The mainstem sockeye fishery will close as of Friday, June 28 due to high effort and catch rates.


Trout is Oregon's number one game fish. From one end of the state to the other, anglers will find native populations of rainbow, cutthroat and other species of trout. In addition to the native populations, ODFW stocks over 5 million trout each year to provide even more opportunity. As a result, there's good trout fishing somewhere in Oregon 365 days a year.

Rainbow trout

Types of Trout

a person holds a tiger trout up with the rod used to catch it.

Tiger trout

Features: Tiger trout are a hybrid between a female brown trout and a male brook trout. They are greenish yellow to brown with dark patches along their sides creating a maze-like pattern. Their belly is yellowish orange and the tail fin is square. 

Habitat: These sterile fish have been introduced to Diamond and Fish lakes to help combat several invasive bait fish species. Since they do not reproduce, tiger trout are catch-and-release only.

Techniques: Tiger trout will go for flies, spoons, spinners and bait.  Because tiger trout are piscivorous (they eat other fish), fishing a minnow imitation can be effective.

a brook trout swims by

Brook trout

Features: Brook trout are easily identified by the worm-like pale yellow markings on their backs and red dots with blue halos and white borders on their lower fins. In small streams brook trout are often 5- to 7-inches long but can reach 25 inches or more in large rivers or lakes.

Habitat: Brook trout are an introduced species, first stocked in the early 1900s. They are widely distributed from high mountain lakes to headwater tributaries, and thrive in cold, mountainous streams and lakes where other species are unable to do well. Many barren lakes have been stocked with brook trout, providing fishing opportunity where none was previously available.

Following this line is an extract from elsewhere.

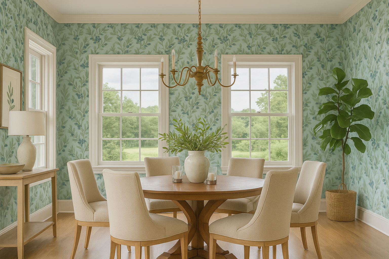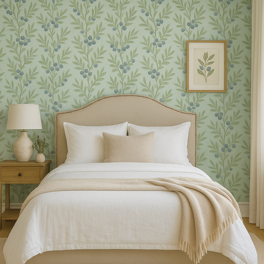 Juniper Mist Wallpaper brings subtle botanical elegance with airy sprigs of juniper and soft misty greens layered over an off-white or pale sage background. The design evokes a calm, nature-inspired feel that works perfectly in modern organic, Scandinavian, or Japandi spaces. Ideal for bedrooms, bathrooms, or serene living areas, this is a perfect match for anyone seeking soft green botanical wallpaper, minimalist floral wallpaper, modern organic wallpaper, or Scandinavian-inspired wall coverings.

Techniques: Because insect larvae and nymphs make up a large part of brook trouts' diet (especially when the fish are small), they are a favorite of fly-fishers who use flies mimicking these insects. However, brook trout are aggressive biters and will go after a variety of bait and lures.

A kid and his dad are in a boat on a lake. The kid holds a lake trout that he presumably caught. The dad is flashing a thumbs-up.

Lake trout

Features: The lake trout is not particularly colorful – usually gray with large pale spots – and can be distinguished from other trout by its deeply-forked tail. Lake trout, despite the common name, is not actually a trout but a member of the closely related char group. They can reach weights of 20 pounds.

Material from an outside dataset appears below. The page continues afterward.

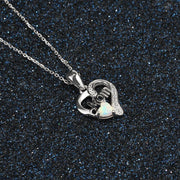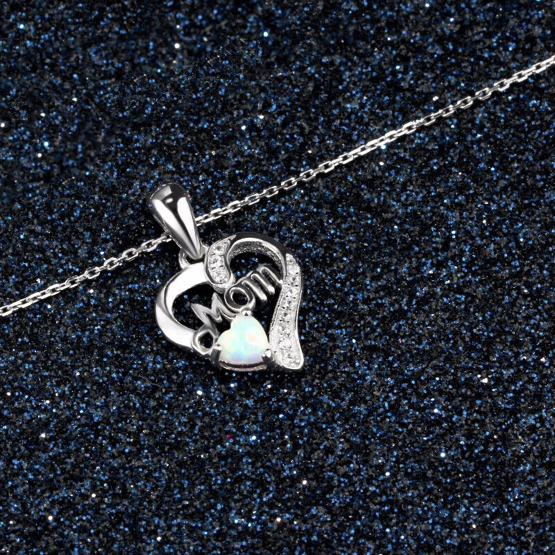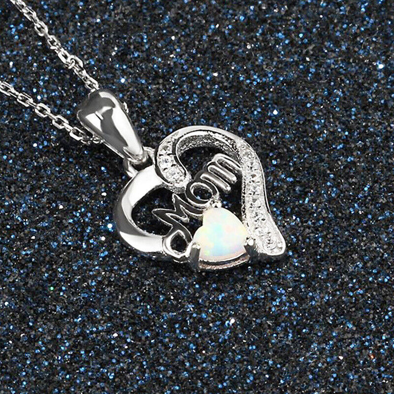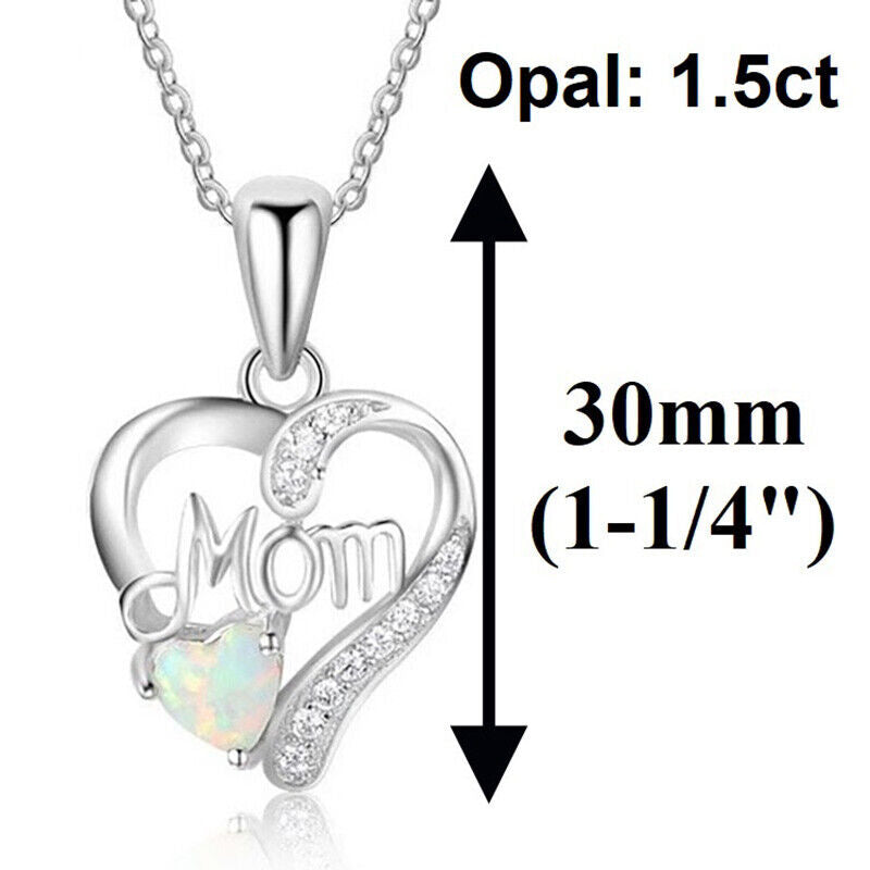Women's 925 Sterling Silver Mom Chain White Fire Opal Pendant Necklace D876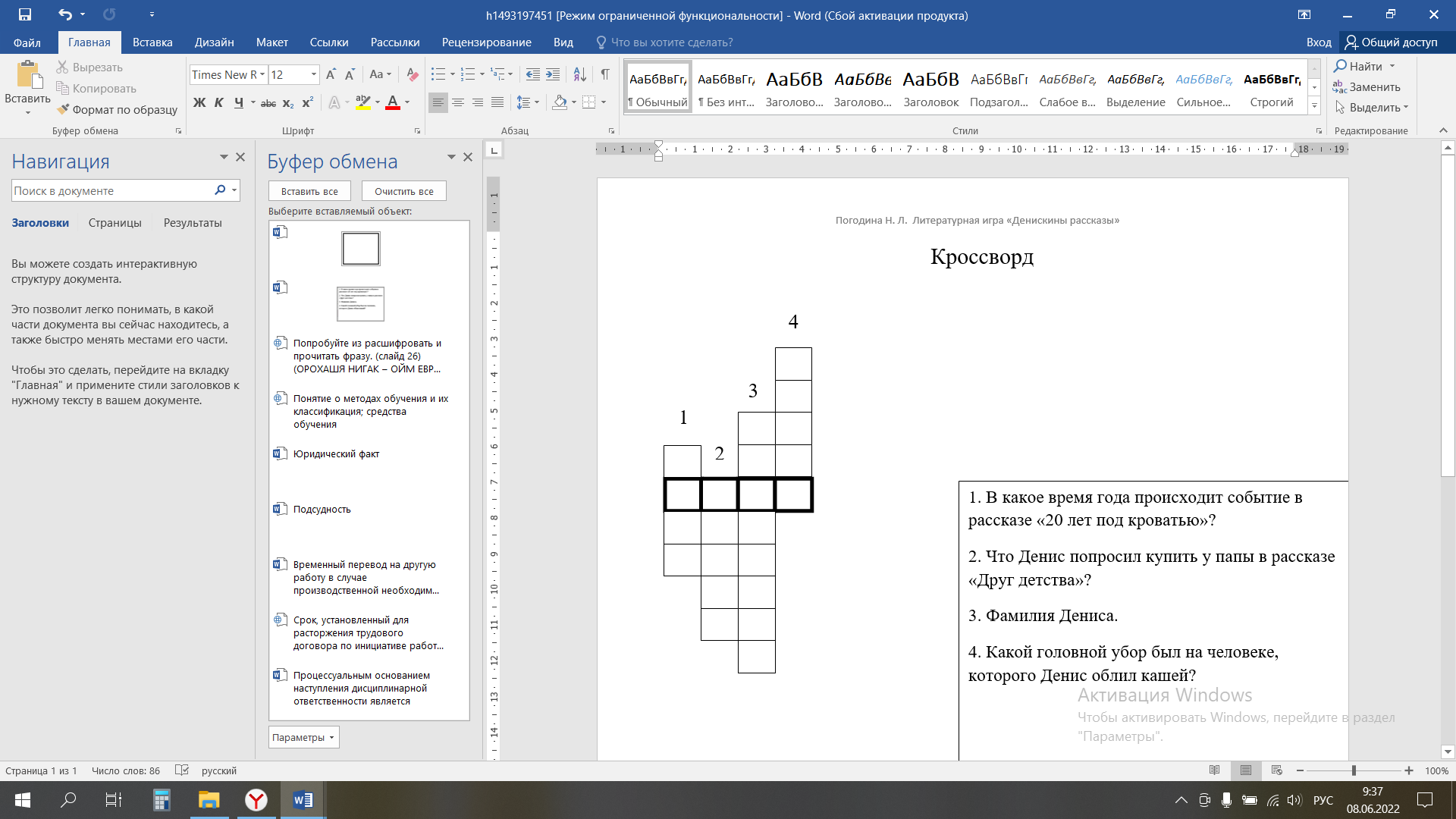 Вопросы и задания1. Попробуй расшифровать и записать фразу. ОРОХАШЯ НИГАК – ОЙМ ЕВРЫНЙ УДРГ ____________________________________________________________________________ 2.Какое настроение вызвали у тебя произведения В.Драгунского? ______________________________________ ______________________________________ ______________________________________ 3.На голову какой птицы приземлилась шляпа гроссмейстера? _____________________________________ 4. Фамилия Дениски. _____________________________________ 5. Фамилия Мишки _____________________________________ 6. Какой приз получил Дениска за костюм кота в сапогах? _____________________________________ 7.Что всегда становится явным? _____________________________________ 8. Кем был для Дениски игрушечный медвежонок? _____________________________________ | Кроссворд

Habitat:  These aggressive, fish-eating char are popular sport fish found in deep, cold water with plenty of oxygen and proper spawning areas. There also must be abundant forage fishes for them to eat.  

Techniques: Many anglers target lake trout in the spring, when they hang out closer to the surface. At other times of the year, anglers troll in deep, cool waters to find lake trout.

Bull trout

Bull trout

Features: While their coloration can be variable, bull trout are generally gray infused with green. The body is covered with small white or pale yellow spots. Some spots along the side may be deep orange to red. The leading edges of the fins along their bellies are white. Bull trout, despite the common name, is not actually a trout but a member of the closely related char group. 

Habitat: Bull trout need cold, clean water to survive and are typically found in the headwaters of Oregon rivers. Spawning occurs in the fall when water temperatures drop below 50F.

Techniques: Anglers can fish specifically for bull trout in the Metolius River and the Metolius arm of Lake Billy Chinook. Bull trout are voracious predators of other fish, so anglers often use lures or flies mimicking large minnows or small fish.

Brown trout

Brown trout

Features: The coloration tends to be golden-brownish with dark brown or black spots on the body, and on the dorsal and adipose fins. Usually few or no spots appear on the tail fin. Many body spots, especially those below the lateral line, are edged with pink, red, or orange, forming rings or halos. Breeding males develop strong teeth and a hooked snout. Size can range from 11-inches long in small streams to over 30-inches in large rivers or lakes.

Habitat: Although brown trout can adapt themselves to sluggish streams and warmer temperatures than other trout, cold, spring-fed tributary streams with stable water conditions are required for successful spawning. 

Techniques: The brown is known as the wariest of trout and the most difficult to catch. While brown trout have a varied diet, anglers often target them use spinners or flies that mimic minnows. As the current carries the bait down river, hold as much fishing line off the water as you can to achieve a natural “drift.” Once the line has swung toward the shore and is straight down river, begin a moderate retrieve.